Exercise prompt: Look below for the line that has "Status: The RNC"; output exactly from it through the line that has "Series of red, yellow, blue, brown, green", and leave the pictures out.

##### Task material #####

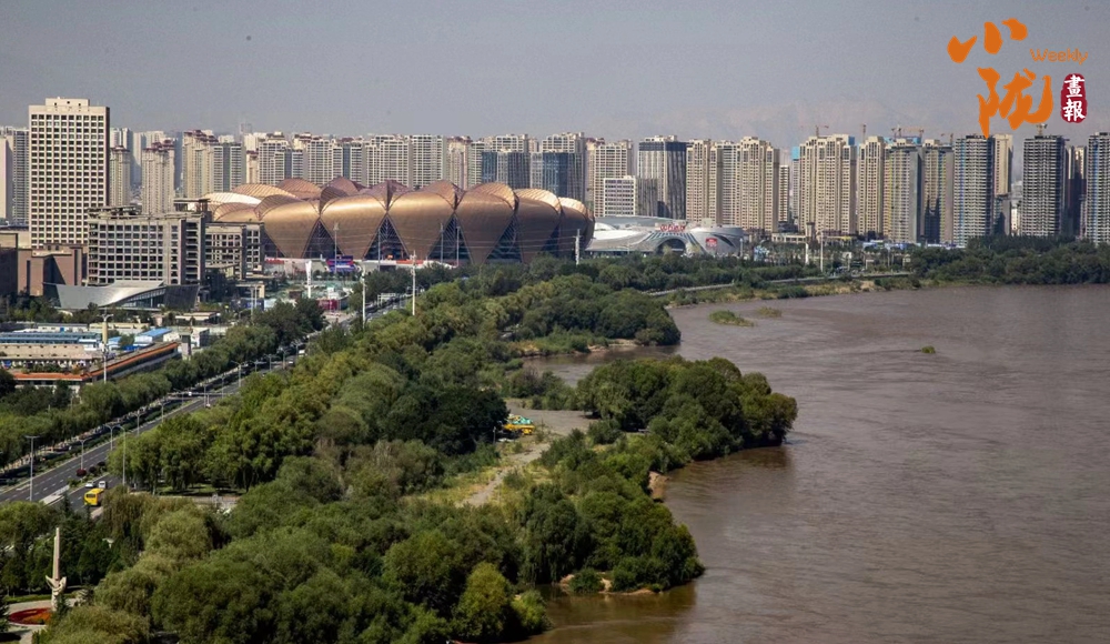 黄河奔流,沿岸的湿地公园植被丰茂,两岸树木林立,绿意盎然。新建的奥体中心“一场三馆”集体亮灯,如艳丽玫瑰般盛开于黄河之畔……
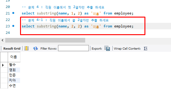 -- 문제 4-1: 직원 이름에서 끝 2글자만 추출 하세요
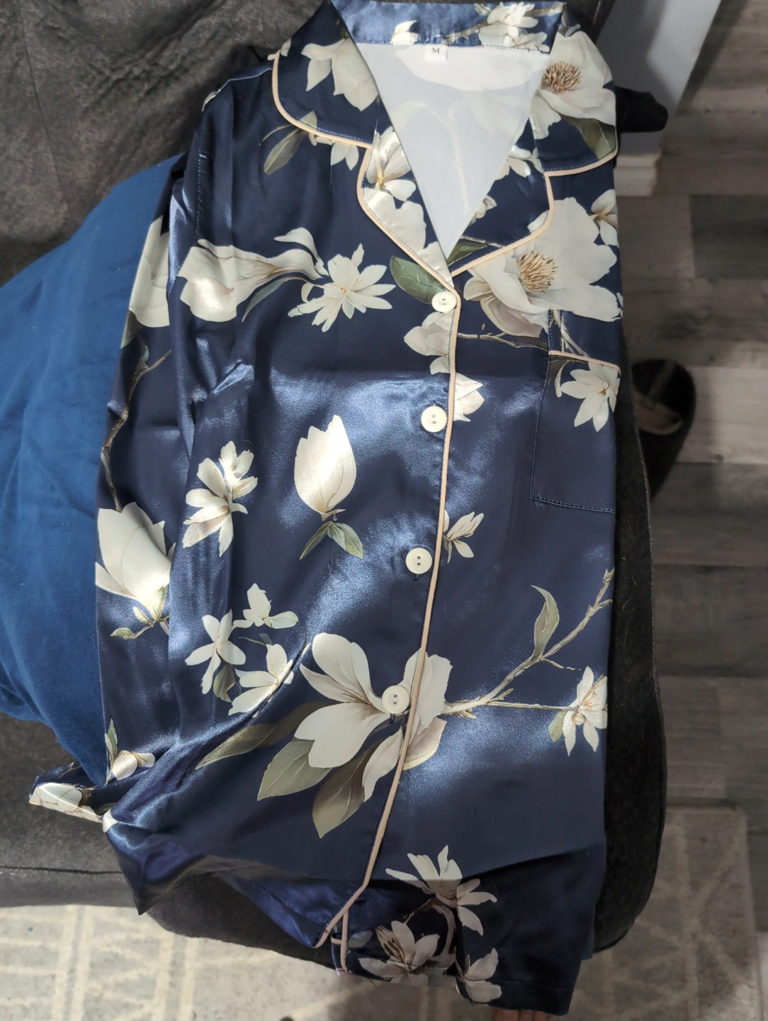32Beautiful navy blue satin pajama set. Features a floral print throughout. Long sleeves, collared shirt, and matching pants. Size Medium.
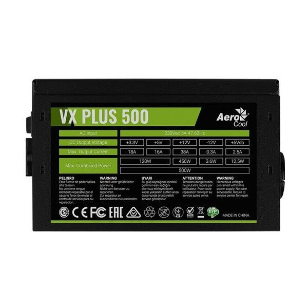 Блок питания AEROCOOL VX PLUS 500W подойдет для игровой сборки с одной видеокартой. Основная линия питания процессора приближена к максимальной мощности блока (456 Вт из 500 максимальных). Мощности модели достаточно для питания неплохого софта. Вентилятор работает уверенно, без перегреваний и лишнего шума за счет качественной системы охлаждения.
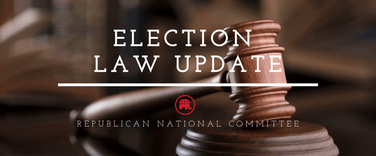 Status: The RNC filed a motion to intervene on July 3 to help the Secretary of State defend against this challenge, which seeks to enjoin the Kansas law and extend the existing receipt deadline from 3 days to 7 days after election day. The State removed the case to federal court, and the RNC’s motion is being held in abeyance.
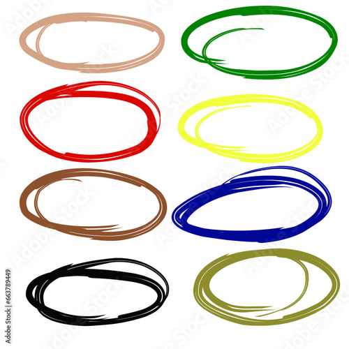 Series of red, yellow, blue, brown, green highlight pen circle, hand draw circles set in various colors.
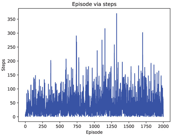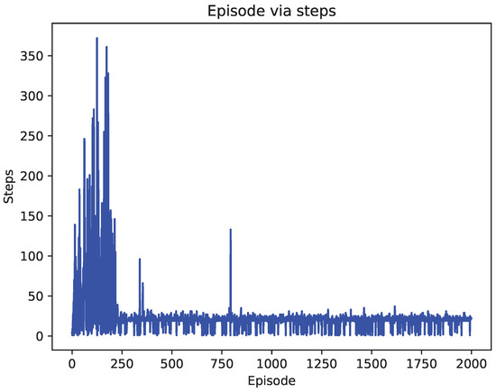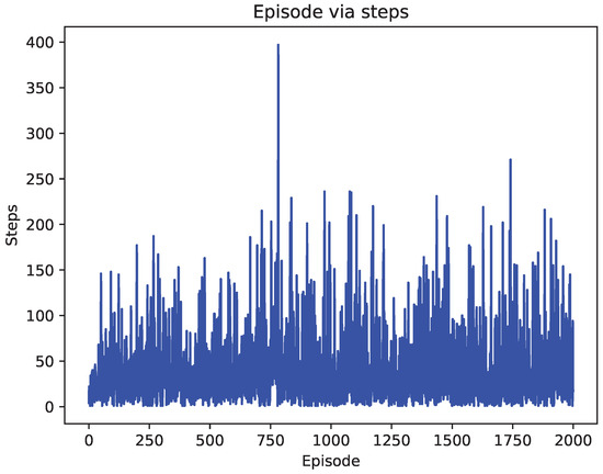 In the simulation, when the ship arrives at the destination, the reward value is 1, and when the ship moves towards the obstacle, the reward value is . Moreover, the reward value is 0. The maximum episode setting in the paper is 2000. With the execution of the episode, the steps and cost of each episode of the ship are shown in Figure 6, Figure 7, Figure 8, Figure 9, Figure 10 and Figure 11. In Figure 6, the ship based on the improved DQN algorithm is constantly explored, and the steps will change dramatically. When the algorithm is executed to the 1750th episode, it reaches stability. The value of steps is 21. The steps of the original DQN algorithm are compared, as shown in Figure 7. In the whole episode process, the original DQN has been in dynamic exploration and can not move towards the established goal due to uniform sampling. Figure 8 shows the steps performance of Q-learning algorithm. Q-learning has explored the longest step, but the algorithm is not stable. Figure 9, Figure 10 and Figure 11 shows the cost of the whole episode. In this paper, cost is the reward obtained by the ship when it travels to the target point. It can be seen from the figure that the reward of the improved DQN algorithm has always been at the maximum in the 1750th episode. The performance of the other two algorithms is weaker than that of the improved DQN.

#####

Response box:
 Status: The RNC filed a motion to intervene on July 3 to help the Secretary of State defend against this challenge, which seeks to enjoin the Kansas law and extend the existing receipt deadline from 3 days to 7 days after election day. The State removed the case to federal court, and the RNC’s motion is being held in abeyance.
 Series of red, yellow, blue, brown, green highlight pen circle, hand draw circles set in various colors.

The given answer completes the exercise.